Begin your copy at the line that holds "PPF Banka accounted" and carry it through the final line of the data, writing out each line exactly and omitting pictures.

★ ★ ★

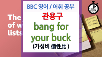 ☞ 다음에 해외 드라마나 기사에서 bang for your buck이 보이면, “가성비”라고 떠올리시면 됩니다.
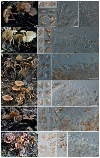 Species of the genus Alnicola recorded in Andros alder stands: A. escharoides basidiomes, basidiospores and cheilocystidia (a–c); A. umbrina basidiomes, basidiospores and cheilocystidia (d–f); A. striatula basidiomes, basidiospores and cheilocystidia (g–i); A. subconspersa basidiomes, basidiospores and cheilocystidia (j–l); A. luteolofibrillosa basidiomes, basidiospores and cheilocystidia (m–o); A. inculta basidiomes, basidiospores, basidia and cheilocystidia (p–s). Bars: basidiomes, 1 mm; basidiospores and basidia, 10 μm; cheilocystidia, 20 μm.
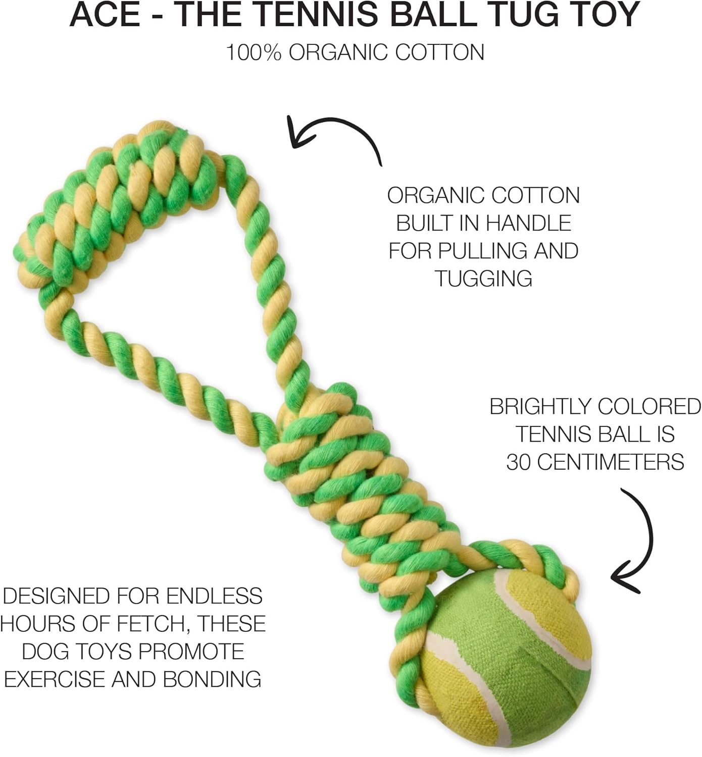 “Rope For The Best” Tennis Ball Rope Tug Toy—the ultimate playtime essential for your furry friend! With this toy, it’s play, tug, fetch, and repeat—keeping your pet entertained and active for hours on end. Crafted from 100% organic cotton, the rope ensures durability and eco-friendliness, making it a guilt-free choice for environmentally conscious pet parents. The brightly colored tennis ball, measuring 30 centimeters, adds an extra element of fun to playtime. The interactive nature of the toy promotes physical activity, keeping your furry friend healthy and engaged. Our furry testers give these toys 5-paws for fun, making them the paw-fect gift for your beloved fur babies! Treat your pet to hours of entertainment and bonding with our Tennis Ball Rope Tug Toy—it’s guaranteed to keep tails wagging and hearts happy!
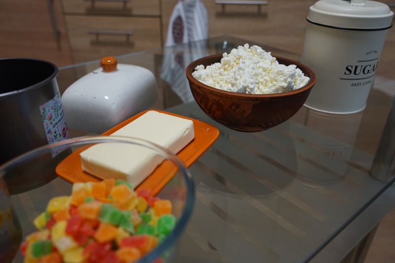 Такий рецепт зараз у тренді, говорить Олеся. За її словами, сирна паска підходить для тих, хто дотримується правильного харчування, адже містить лише безлактозний сир і трохи цукру. Жодного борошна. Також знадобляться яйця та цукати.
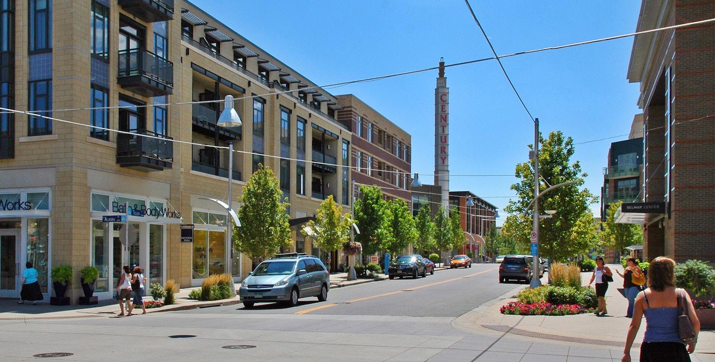 Higher density mixed use areas; has a tight network of thoroughfares with side sidewalks, street lights and regular tree spacing, defining medium-sized blocks; buildings are set close to the sidewalks
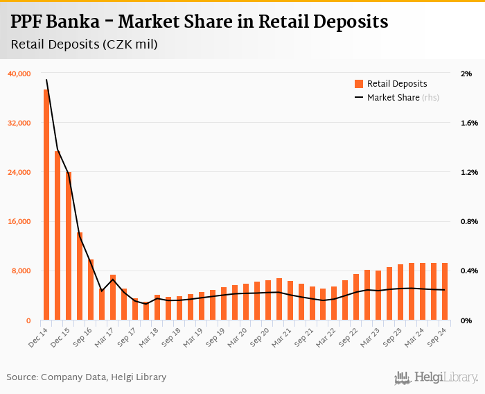 PPF Banka accounted for 0.243% of all retail deposits taken by banks in Czechia at the end of 2024-09-30. Historically, the bank’s market share in retail deposits reached an all time high of 1.95% in 2014-12-31 and an all time low of 0.127% in 2017-12-31.
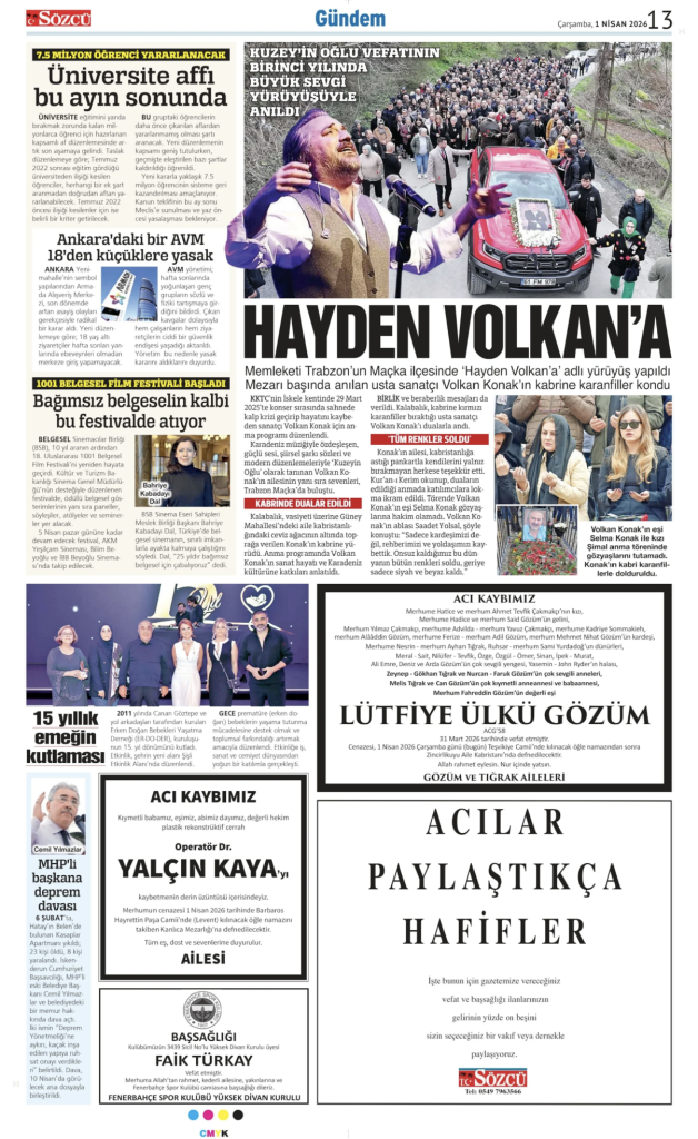Sözcü Anma İlanı
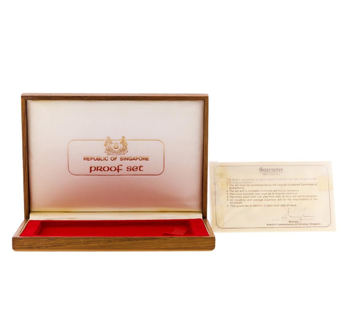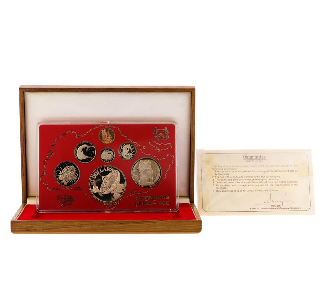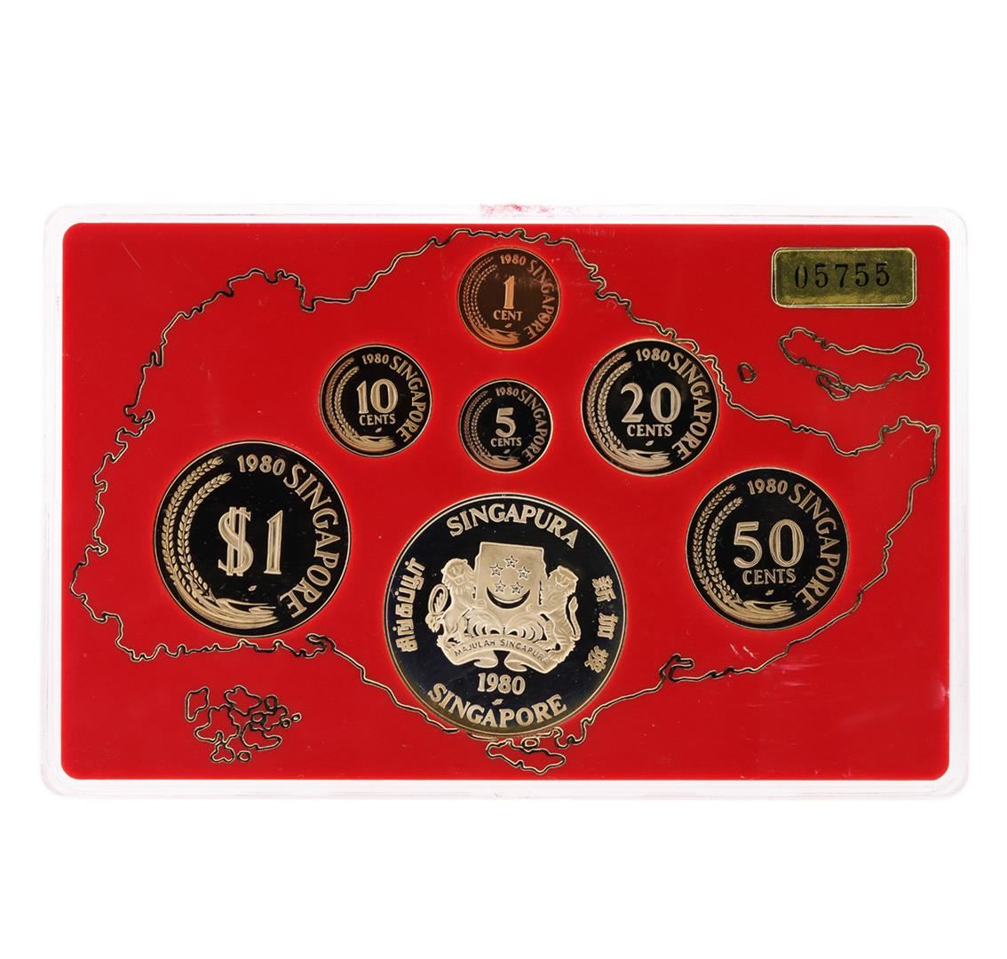 One 1980 Republic Of Singapore 7-Coin Proof Set w/display case and COA. The set has a mintage of 14,000 and this is #05755.

★ ★ ★

◆ Output below
 PPF Banka accounted for 0.243% of all retail deposits taken by banks in Czechia at the end of 2024-09-30. Historically, the bank’s market share in retail deposits reached an all time high of 1.95% in 2014-12-31 and an all time low of 0.127% in 2017-12-31.
Sözcü Anma İlanı
 One 1980 Republic Of Singapore 7-Coin Proof Set w/display case and COA. The set has a mintage of 14,000 and this is #05755.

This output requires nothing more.